Auditory saliency evaluation method.

  Using a plurality of types of evaluation target sounds prepared in advance and a reference sound prepared in advance that is different from any of the evaluation target sounds, a plurality of evaluation target sounds and a plurality of the above reference standards separated by time intervals A sound presenting step for presenting a sound string composed of sounds for each of the plurality of types of sounds to be evaluated;
  An input information acquisition step of acquiring a series of beat information of a person who beats while listening to the presented sound string;
  Based on the ratio of beat information corresponding to the reference sound in the beat information series in a predetermined time interval, the higher the saliency of the evaluation target sound, the greater the saliency of the evaluation target sound. An evaluation value calculating step for calculating an auditory saliency level that decreases as the value decreases for each of the plurality of types of sounds to be evaluated;
Auditory saliency evaluation method including

An auditory saliency evaluation method according to claim 6,
The auditory saliency level is a value that is monotonically increasing with respect to the proportion of beat information corresponding to the sound to be evaluated in the series of beat information within the predetermined time interval, and the value is The larger the value, the higher the auditory saliency of the sound to be evaluated than the reference sound.
Auditory saliency evaluation method.

  An auditory saliency evaluation method according to claim 6,
  When the ratio of the beat information corresponding to the reference sound in the series of beat information within the predetermined time interval is greater than a predetermined ratio, the sound pressure level of the reference sound is reduced,
  The method further includes a control step of increasing the sound pressure level of the reference sound when the ratio of the beat information corresponding to the reference sound in the series of beat information within the predetermined time interval is smaller than the predetermined ratio. ,
  In the sound presenting step, the sound pressure level controlled in the control step until the ratio of the beat information corresponding to the reference sound in the series of beat information in the predetermined time interval becomes equal to the predetermined ratio.
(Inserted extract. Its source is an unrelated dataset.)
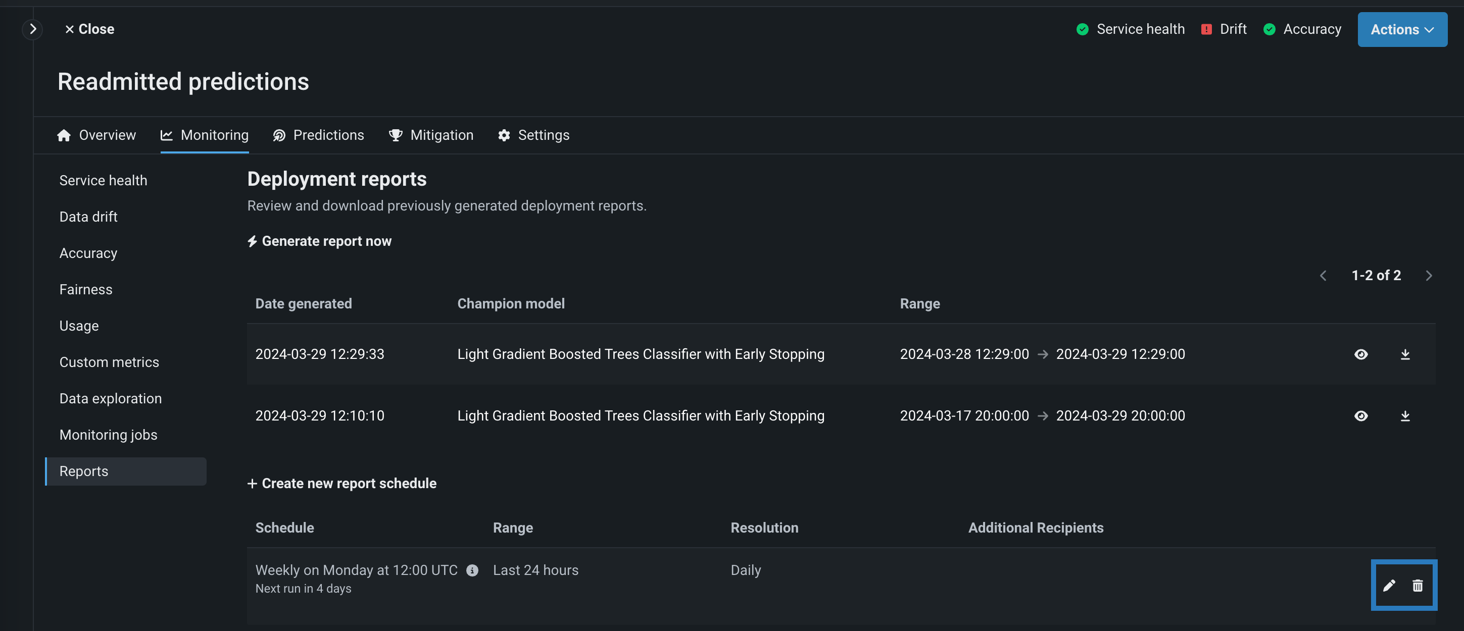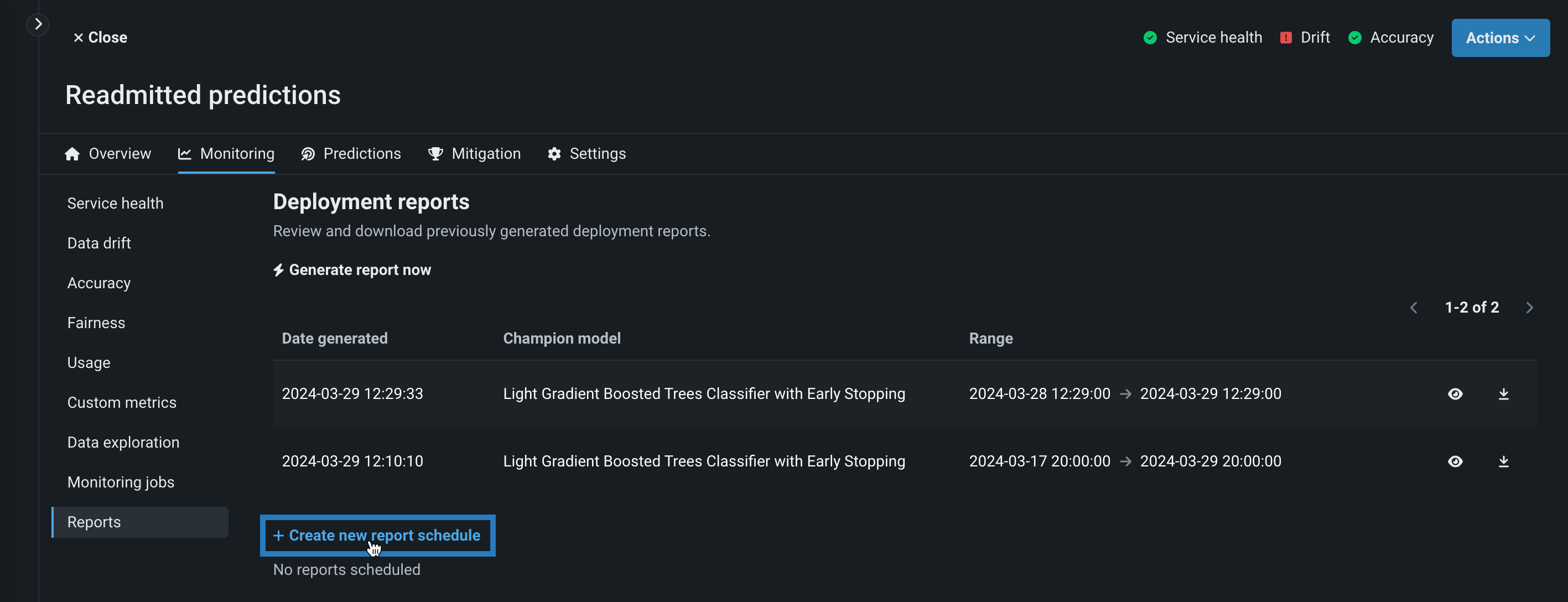 DataRobotを使用すると、手動で作成するだけでなく、スケジュールを管理してデプロイレポートを自動的に生成できます。 デプロイのレポート生成をスケジュールするには、デプロイインベントリからデプロイを選択し、モニタリング > レポートタブに移動します。 デプロイレポートページで、+ 新しいレポートスケジュールを作成するをクリックします。

Repeatedly presenting the reference sound and the sound to be evaluated having a predetermined sound pressure level,
  The evaluation value calculating step corresponds to the sound pressure level of the reference sound when the ratio of the beat information corresponding to the reference sound in the series of beat information within the predetermined time interval is equal to the predetermined ratio. Is output as the auditory saliency level.
Auditory saliency evaluation method.

A program for causing a computer to function as the auditory saliency evaluation apparatus according to claim 1 or al 4.